> **TASK BRIEF**:
Your answer must be an exact copy of the entries below, with every picture removed.

> **DATA PROVIDED**:
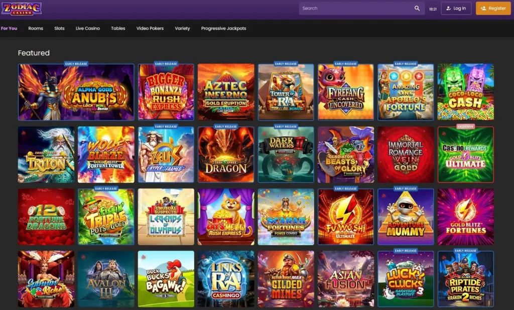 Zodiac casino pokreće Apricot platforma koja igračima nudi preko 550 igara. Bilo da volite igrati slotove ili preferirate igre uživo , sve ćete pronaći u Zodiac Casinu. Softver za igre Zodiac Casina također uključuje veliku kolekciju slotova s progresivnim jackpotom, uključujući Mega Moolah . Ovaj progresivni slot možete vrtjeti i besplatno ako iskoristite bonus dobrodošlice. Ova igra drži svjetski rekord za najveći jackpot ikad postignut. Nove igre dodaju se svaki mjesec, a pronaći ćete i ekskluzivne igre koje nećete pronaći nigdje drugdje na internetu.
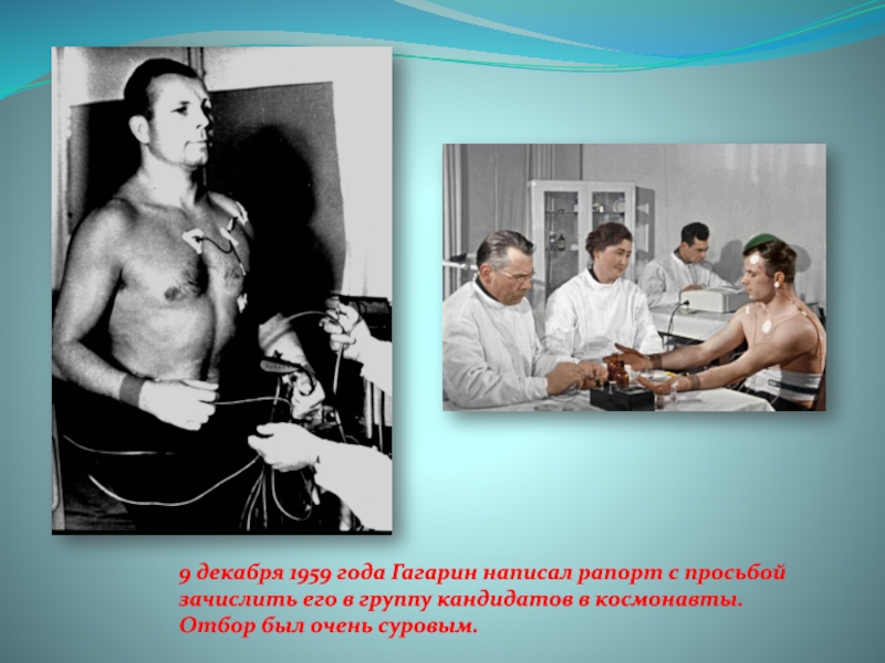 Слайд 179 декабря 1959 года Гагарин написал рапорт с просьбой зачислить
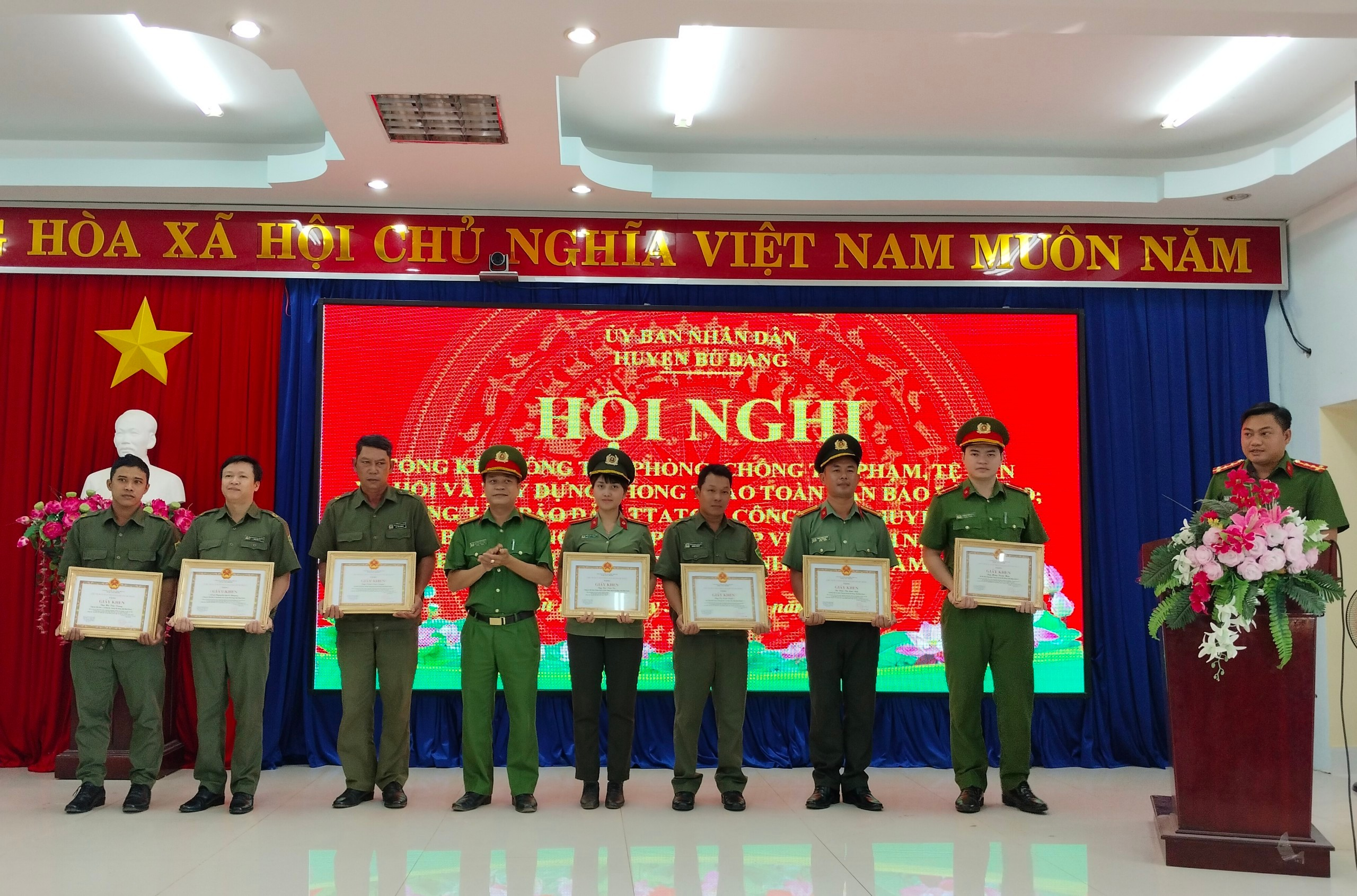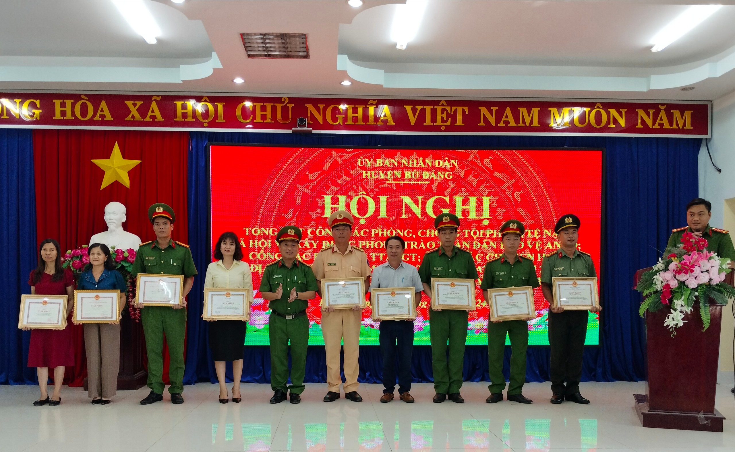 Tại hội nghị UBND huyện đã tặng giấy khen cho 9 tập thể và 16 cá nhân có thành tích xuất sắc trong công tác PCTP, xây dựng phong trào TDBVANTQ, công tác chuyển hóa địa bàn và đảm bảo trật tự an toàn giao thông năm 2023.
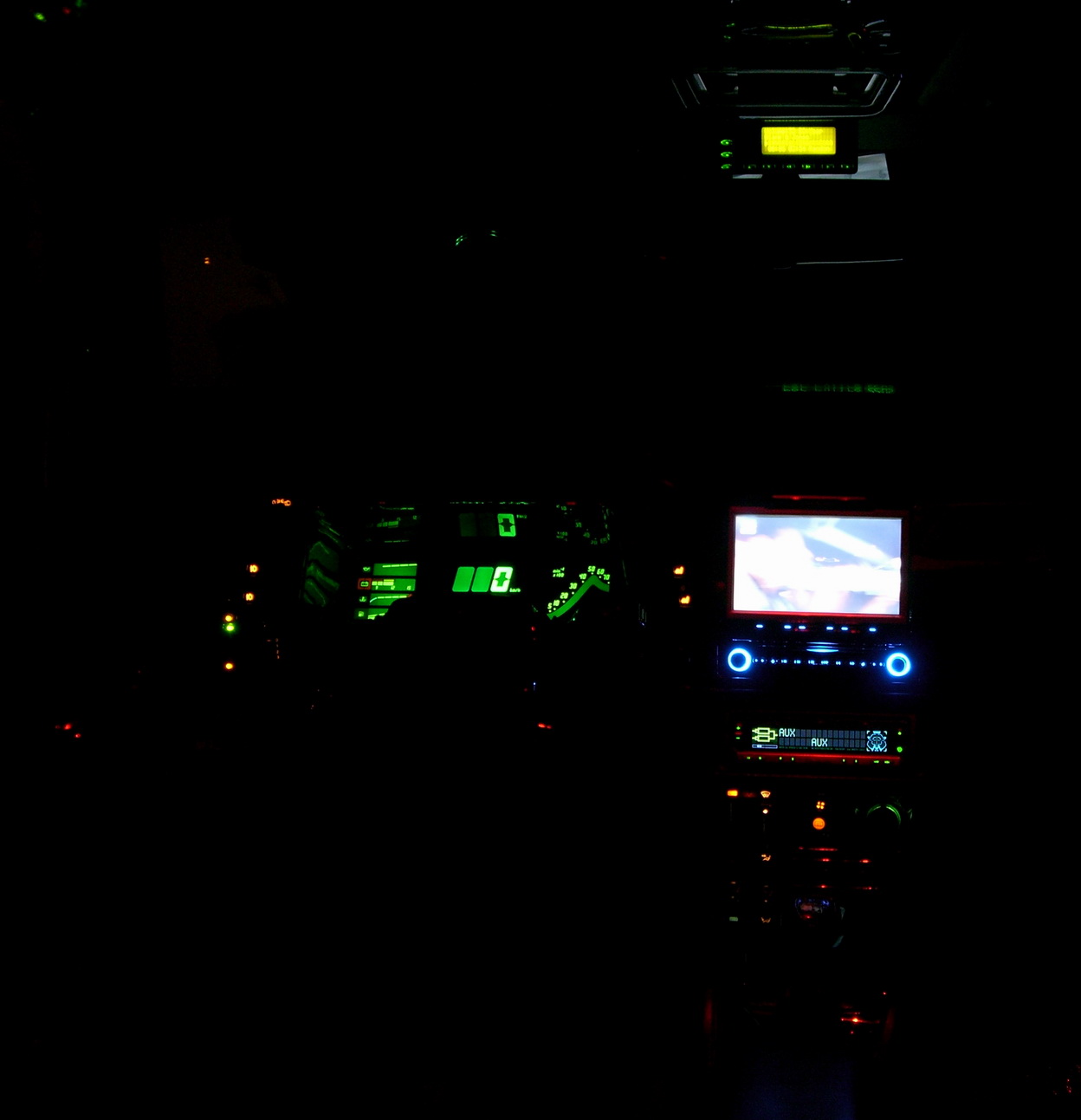 Viel weniger Farben geht ja kaum, das Digi-board und das MID hab ich von bernstein auf grün geändert passend zur Anzeige der M-Station und den Tastern des eigentlichen Radios, die LED im Lüftungsdüsenversteller ist eben so grün. Die Leds für die I und O Stellung der Lüftungsdüsen sind in gelb gehalten, was schon wieder fast zu der original belassenen Beleuchtung der ganzen Schalter passt, die habe ich nämlich nicht auf grün umgebaut da das spätestens beim bei dem orangenen Punkt des Lüftungsreglers komisch ausgesehen hätte.
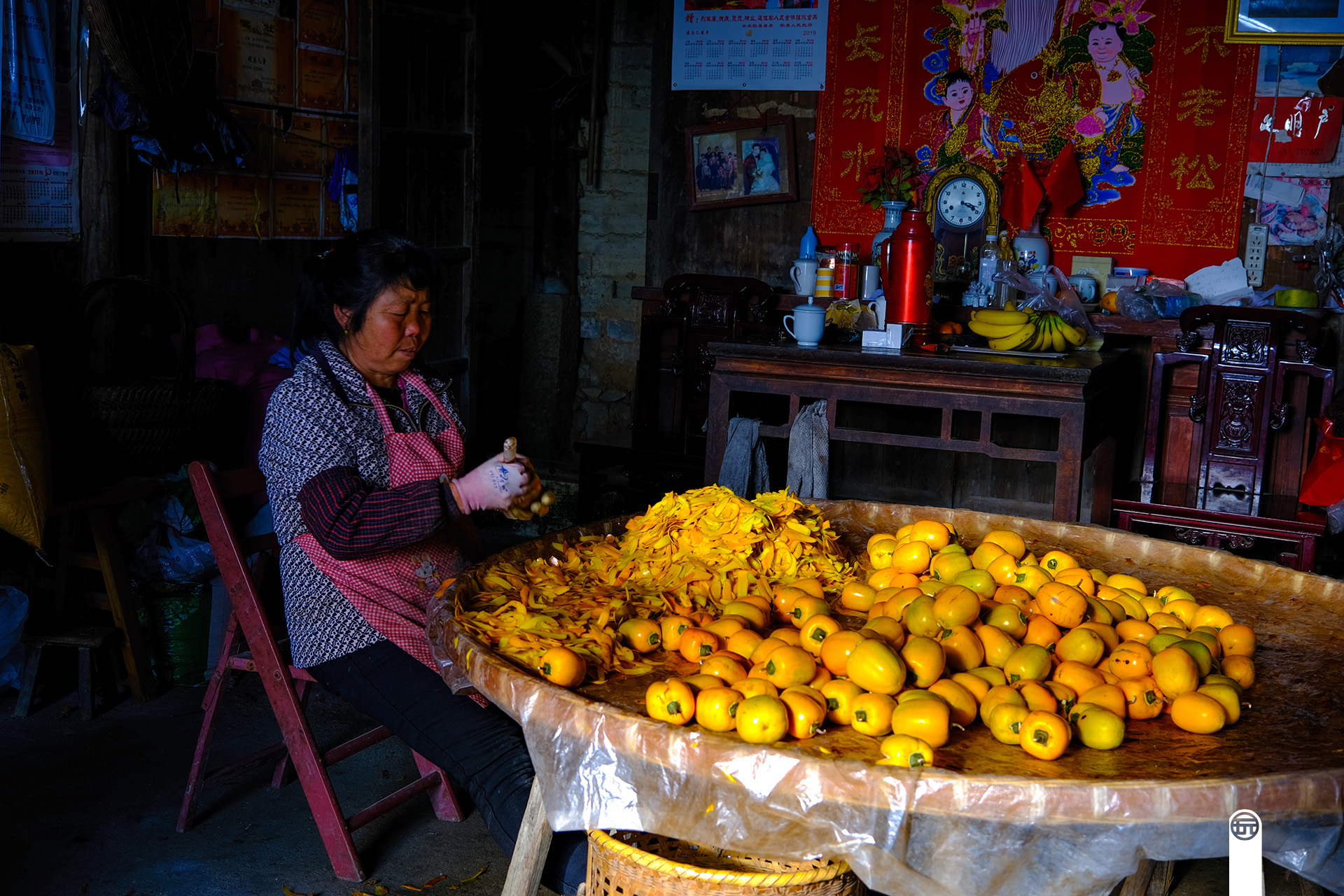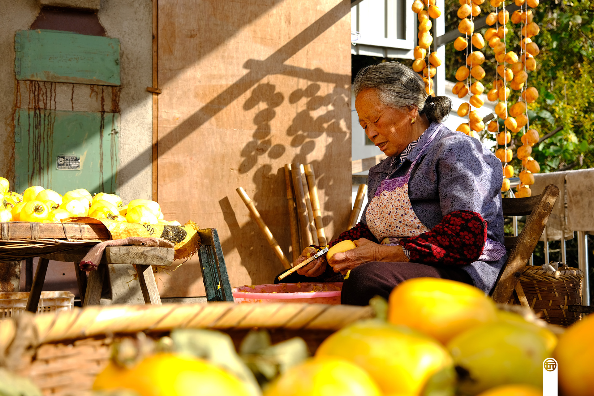 这位大妈就是自己在家加工柿子饼,一只硕大的竹匾上,铺满了新鲜的柿子。
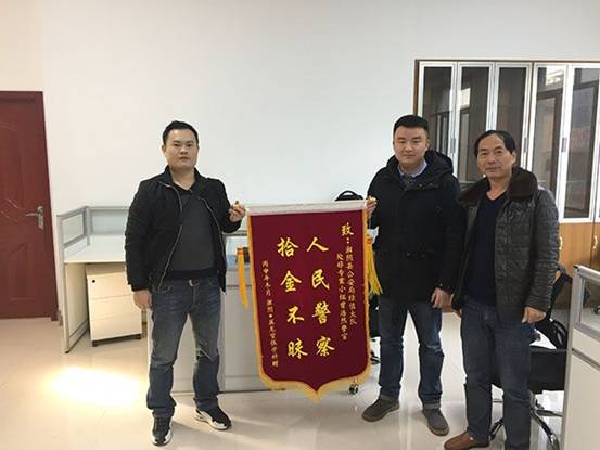 12月18日一大早,湘阴县文星镇群众张学科专程来到湘阴县局“处非”专案组在该局合成作战中心的办公室,送来一面印有“人民警察,拾金不昧”的锦旗,以感谢专案组民警曾浩然拾到其钱包物归原主。
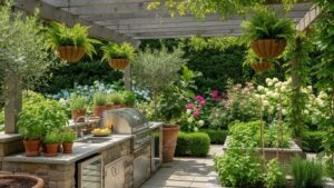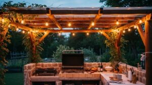 A pergola provides shade, defines your outdoor kitchen area, and lets you add lights, plants, or curtains for ambiance.
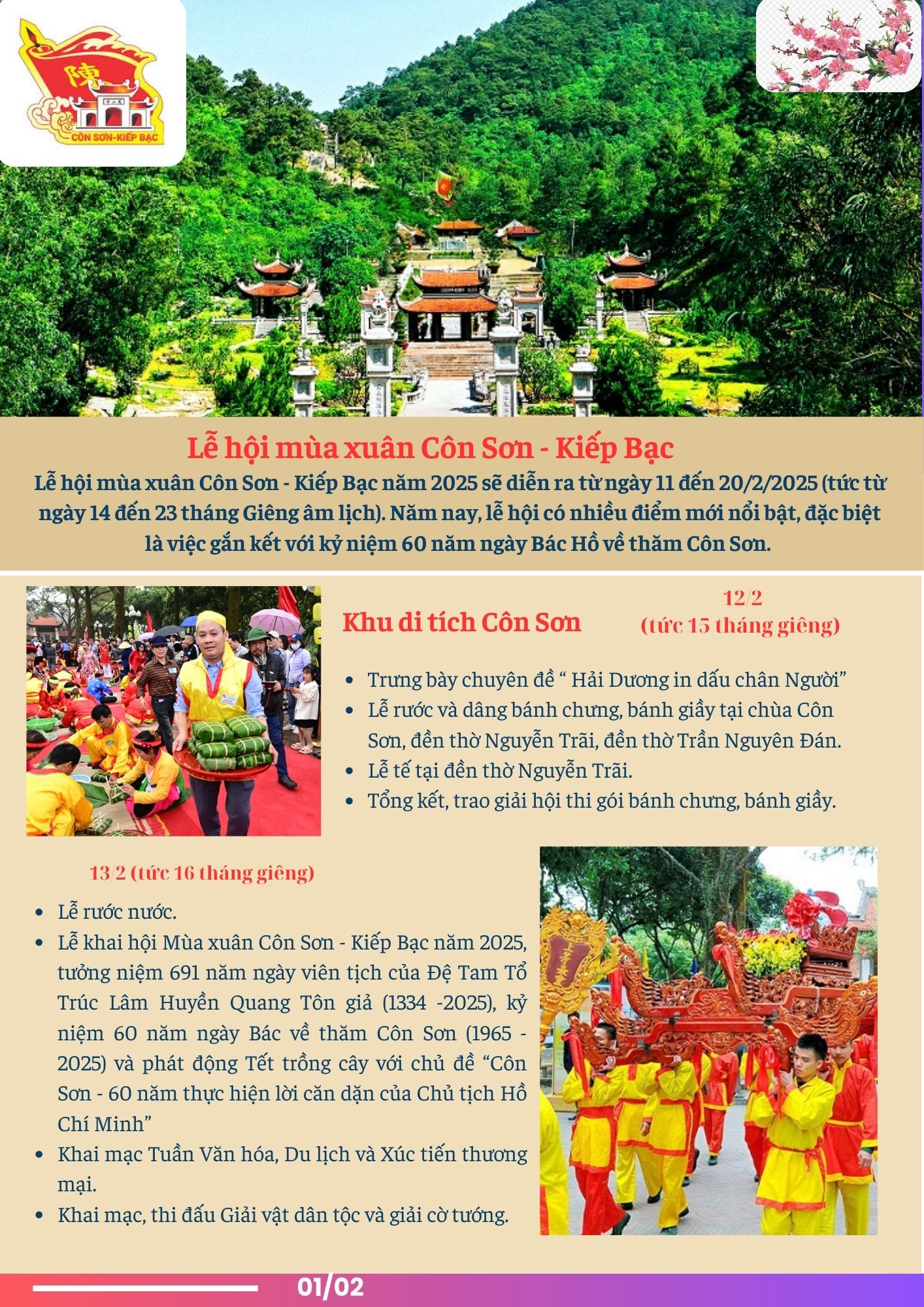 Khai Hội mùa Xuân Côn Sơn - Kiếp Bạc năm 2025, tưởng niệm 691 năm ngày viên tịch của Đệ Tam Tổ Trúc Lâm Huyền Quang Tôn giả (1334 - 2025), kỷ niệm 60 năm Ngày Bác Hồ về thăm Côn Sơn (1965 - 2025) và phát động “Tết trồng cây”.

> **COMPLETED TASK**:
 Zodiac casino pokreće Apricot platforma koja igračima nudi preko 550 igara. Bilo da volite igrati slotove ili preferirate igre uživo , sve ćete pronaći u Zodiac Casinu. Softver za igre Zodiac Casina također uključuje veliku kolekciju slotova s progresivnim jackpotom, uključujući Mega Moolah . Ovaj progresivni slot možete vrtjeti i besplatno ako iskoristite bonus dobrodošlice. Ova igra drži svjetski rekord za najveći jackpot ikad postignut. Nove igre dodaju se svaki mjesec, a pronaći ćete i ekskluzivne igre koje nećete pronaći nigdje drugdje na internetu.
 Слайд 179 декабря 1959 года Гагарин написал рапорт с просьбой зачислить
 Tại hội nghị UBND huyện đã tặng giấy khen cho 9 tập thể và 16 cá nhân có thành tích xuất sắc trong công tác PCTP, xây dựng phong trào TDBVANTQ, công tác chuyển hóa địa bàn và đảm bảo trật tự an toàn giao thông năm 2023.
 Viel weniger Farben geht ja kaum, das Digi-board und das MID hab ich von bernstein auf grün geändert passend zur Anzeige der M-Station und den Tastern des eigentlichen Radios, die LED im Lüftungsdüsenversteller ist eben so grün. Die Leds für die I und O Stellung der Lüftungsdüsen sind in gelb gehalten, was schon wieder fast zu der original belassenen Beleuchtung der ganzen Schalter passt, die habe ich nämlich nicht auf grün umgebaut da das spätestens beim bei dem orangenen Punkt des Lüftungsreglers komisch ausgesehen hätte.
 这位大妈就是自己在家加工柿子饼,一只硕大的竹匾上,铺满了新鲜的柿子。
 12月18日一大早,湘阴县文星镇群众张学科专程来到湘阴县局“处非”专案组在该局合成作战中心的办公室,送来一面印有“人民警察,拾金不昧”的锦旗,以感谢专案组民警曾浩然拾到其钱包物归原主。
 A pergola provides shade, defines your outdoor kitchen area, and lets you add lights, plants, or curtains for ambiance.
 Khai Hội mùa Xuân Côn Sơn - Kiếp Bạc năm 2025, tưởng niệm 691 năm ngày viên tịch của Đệ Tam Tổ Trúc Lâm Huyền Quang Tôn giả (1334 - 2025), kỷ niệm 60 năm Ngày Bác Hồ về thăm Côn Sơn (1965 - 2025) và phát động “Tết trồng cây”.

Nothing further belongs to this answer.